Museums Vie to House Space Shuttles
Florida in the running for a retiring orbiter, but there are no guarantees it will land one
Around the State
A new space race is under way -- to house NASA's retiring space shuttles.
Twenty venues around the nation are vying to be the final resting place for three shuttle craft.
The Kennedy Space Center figures it has as good a shot as anyone. After all, all 132 shuttle missions were launched from the Cape.
Sen. Bill Nelson, D-Fla., a former astronaut, is lobbying vigorously for the Sunshine State. And Bill Moore, chief operating officer of KSC's visitor center, says his engineers can design the best exhibit.
"A shuttle's not something that should be displayed on three wheels on concrete," Moore told the Wall Street Journal, suggesting KSC would show its shuttle as it operates in space.

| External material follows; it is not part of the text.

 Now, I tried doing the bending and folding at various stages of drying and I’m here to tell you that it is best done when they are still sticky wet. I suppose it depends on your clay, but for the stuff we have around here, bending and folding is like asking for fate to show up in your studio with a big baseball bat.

But the selection process -- which is heated and could become political, with congressional involvement looming on the horizon -- won't necessarily favor Florida as lobbyists from California to New York launch their campaigns.
NASA has already guaranteed the shuttle Discovery to the Smithsonian's National Air and Space Museum. The fleet's oldest shuttle, Discovery, will replace the cannibalized shuttle Enterprise, which resides at the Steven F. Udvar-Hazy Center adjacent to Dulles International Airport in Virginia.

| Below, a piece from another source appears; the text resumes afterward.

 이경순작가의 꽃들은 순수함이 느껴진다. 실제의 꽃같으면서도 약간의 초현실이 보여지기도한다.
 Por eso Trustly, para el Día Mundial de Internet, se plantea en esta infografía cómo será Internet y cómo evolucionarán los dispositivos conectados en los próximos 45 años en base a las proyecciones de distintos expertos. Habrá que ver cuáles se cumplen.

To qualify for a shot at housing the two other active shuttles, Atlantis and Endeavor, or the displaced Enterprise, each applicant must have $28.8 million to pay for shipping and handling.

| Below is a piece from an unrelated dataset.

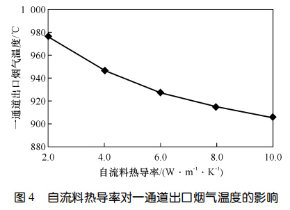 SiC 自流料熱導率對一通道出口煙氣溫度的影響圖4示出了自流料熱導率對一通道出口煙氣溫度的影響。可以看出,爐襯各工作層厚度固定時,一通道出口煙氣溫度隨自流料熱導率的升高而降低。通過調(diào)整自流料熱導率,一通道出口煙氣溫度差值高達 70 ℃。

Logistically speaking, the move requires a nearby runway that can accommodate a jumbo jet, and the ability to haul the shuttle to its destination without dismantling it.
Also, only indoor, climate-controlled venues are being considered. "(The shuttles) leak like a sieve," Dennis Jenkins, a longtime shuttle observer, told the Journal.
Among Florida's stiffest competitors are museums in Texas, home to mission control, and Dayton, Ohio, home of the National Museum of the Air Force and the Wright brothers.
New York City argues that it can draw the biggest crowds, while three museums in California say that they deserve the inside track because many shuttle missions landed there.
Chicago's Adler Museum entered the sweepstakes, noting that the Windy City is the largest urban center in the Midwest. Seattle, Huntsville, Ala., and McMinnville, Ore., are also in the mix, touting their aerospace and aviation roots.
With the last shuttle flight scheduled for next year, NASA has not set a timeline for site selection. But the maneuvering on Capitol Hill is well under way.
Members of Congress from Texas and Florida reportedly tried to slip a measure in a NASA bill that would give preference to communities with a "historical relationship with either the launch, flight operations or processing" of shuttles. That language was stripped out of the House bill.